Miracles introduce new factors into the situations which the laws of nature describe (92), and it is inaccurate to say that miracles ‘break’ the laws of nature—they don’t (94).
Lewis goes on to explain how a miraculous conception can happen,
“If God creates a miraculous spermatozoon in the body of a virgin, it does not proceed to break any laws. The laws at once take it over. Nature is ready. Pregnancy follows, according to all the normal laws, and nine months later a child is born.” (94).
CSL finishes up by telling us again what a miracle is not, “In calling them miracles we do not mean that they are contradictions or outages; we mean that, left to her own resources [nature] could never produce them.” (98).
I really love CSL’s teaching on what miracles are and aren’t in light of the three views of the laws of nature. I think it’s very helpful to see miracles not as a breaking of nature, but as adding in new information into nature. This idea fits nicely with my old systematic theology professor Kevin Vanhoozer’s view of divine action, i.e., that God interjects into nature instead of thinking of intervention. God spoke everything into being and upholds it by His Word. Miracles, then are just more speaking, throwing more information into the mix to bring about a different desired result to grab attention.
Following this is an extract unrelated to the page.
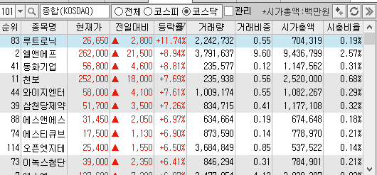오늘도 전체적으로 2차전지, 엔터, 의료기기가 주도하는 모습을 보여줬습니다.

Also, CSL wrote chapters 7&8 for the original publication in 1947 and a lot of thought has gone into what the laws of nature are since then—a whole ton of philosophy of science has advanced! So, if you want to dive deeper, check out this article on the laws of nature from the Stanford Encyclopedia of Philosophy: https://plato.stanford.edu/entries/laws-of-nature/
But let me know what you think! Leave me a like on this post so I know how many are actually reading-along with me. And leave me your thoughts and questions in the comments. Were these more enjoyable than the last 6 chapters?
Some ideas to add to Red Herrings:
RH1 - you note that our inductive reasoning, that nature is uniform and the future will be like the past, is what allows us to identify an anomaly or miracle. Our capacity for induction/inference is also part of CSL's earlier evidence for the supernatural!
RH2 - with the size argument, our insignificance in the grand scheme of things can still be true, but then it must also be true that the level of effort required by a God to enact miracles is commensurately insignificant. So to say "why would He spend time on us" is the same as asking why I would spend time holding the door for a random person. It's just instinctual, takes half a second, and is immediately forgotten. I guess what I mean is, the proportion with which a God Creator might think about us pales in comparison to how much we spend thinking about Him. Like in Toy Story, the boy is everything to the toys but he has so much more going on (such that they get thrown away, packed away, forgotten, lost).
I definitely felt pretty adrift in the last few chapters but 7 & 8 were really enjoyable and I felt like I was able to track with Lewis a lot better!
I really liked the section explaining how miracles don’t break the laws of Nature but conform to it.
Loved this section in particular:
“Miraculous wine will intoxicate, miraculous conception will lead to pregnancy, inspired books will suffer all the ordinary processes of textual corruption, miraculous bread will be digested.”